Toutefois, l'employeur peut rompre le contrat s'il justifie d'une faute grave de l'intéressée, non liée à l'état de grossesse, ou de son impossibilité de maintenir ce contrat pour un motif étranger à la grossesse ou à l'accouchement. Dans ce cas, la rupture du contrat de travail ne peut prendre effet ou être notifiée pendant les périodes de suspension du contrat de travail mentionnées au premier alinéa de l'article L. 1225-4 du code du travail.
Pour leur permettre de satisfaire aux obligations médicales justifiées par leur état, les femmes enceintes peuvent bénéficier au cours de leur grossesse d'une autorisation d'absence pour se rendre aux examens médicaux obligatoires prévus par l'article L. 2122-1 et R. 2122-1 et suivant du code de la santé publique dans le cadre de la surveillance médicale de la grossesse et des suites de l'accouchement.

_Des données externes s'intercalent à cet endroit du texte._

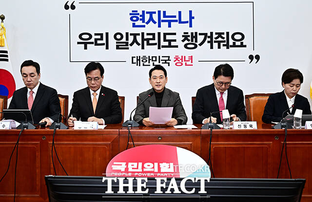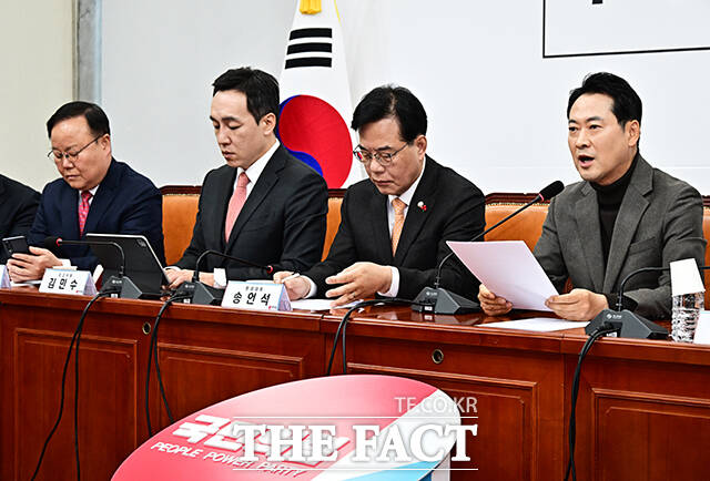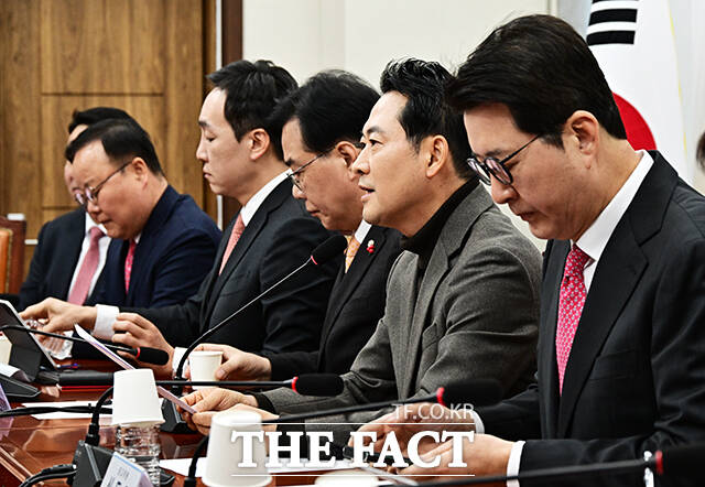 [더팩트ㅣ국회=배정한 기자] 장동혁 국민의힘 대표가 18일 오전 서울 여의도 국회에서 열린 최고위원회의에 참석하고 있다.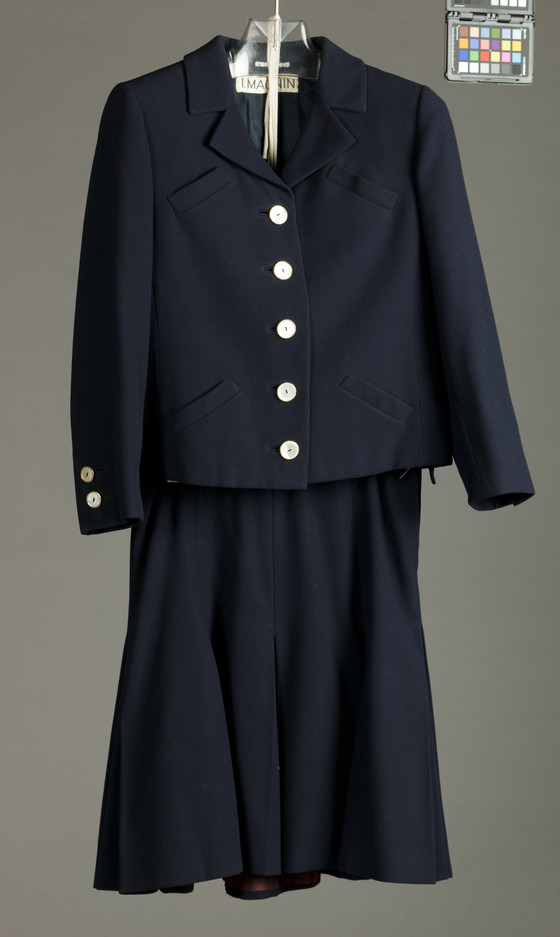 Jacket: Wool plain weave (crepe), metal and plastic buttons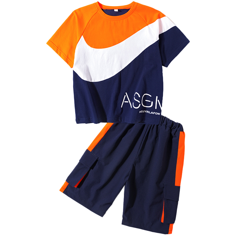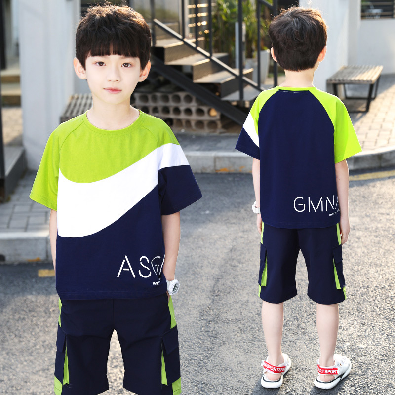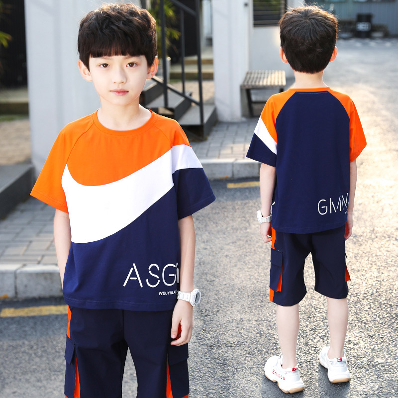 Boy Clothing Boy Summer Clothing Suit 2022 New Children Foreign Pie Trendy Sports Summer CUHK Boy Boy Handsome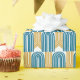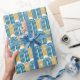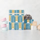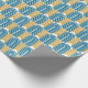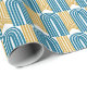 Este papel de envoltura tiene un diseño art deco de arcos y de arriba abajo Ys repitiendo a lo largo del diseño en turquesa y amarillo sobre un campo de blanco. ¿Quieres colores diferentes? Mándame un mensaje.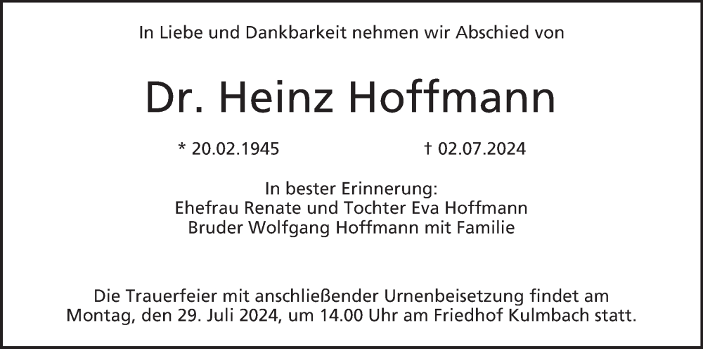 Hier finden Sie alle Traueranzeigen aus der Zeitung, die bisher für Heinz Hoffmann erschienen sind. Weitere Traueranzeigen, die in der Zeitung erscheinen, werden hier ebenfalls aufgelistet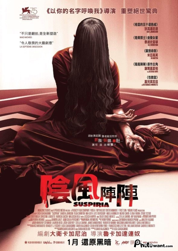 《以你的名字呼喚我》導演盧卡格達戈尼諾,翻拍義大利恐怖大師達利歐阿基多的「邪典電影」《坐立不安》,描述美國女孩蘇西在德國芭蕾宿舍,相繼遇到同儕失蹤與被殺,「把靈魂奉獻給舞蹈」原來不是那麼簡單。

Ces visites seront indemnisées sur présentation d'un certificat médical, sur la base de l'horaire moyen du mois durant lequel elles s'absentent, et cela dans la limite du temps nécessaire.
En cas d'horaire fixe pour l'ensemble du personnel ou pour leur service, les femmes enceintes sont autorisées, à partir du quatrième mois de grossesse, attestée par certificat médical, à quitter leur poste de travail 10 minutes avant l'heure de sortie – midi et soir – sans diminution de salaire.
La mère allaitant son enfant aura droit, pendant 1 an à compter de l'expiration du congé maternité, à s'absenter 1 heure par jour suivant les dispositions légales. »
La personne salariée conjoint de la femme enceinte ou bénéficiant d'une assistance médicale à la procréation ou liée à elle par un pacte civil de solidarité ou la personne concubine bénéficie également d'une autorisation d'absence pour se rendre à quatre de ces examens médicaux obligatoires ou de ces actes médicaux nécessaires pour chaque protocole du parcours d'assistance médicale au maximum.
Conformément aux dispositions légales en vigueur les trois premières absences n'entraînent aucune diminution de rémunération.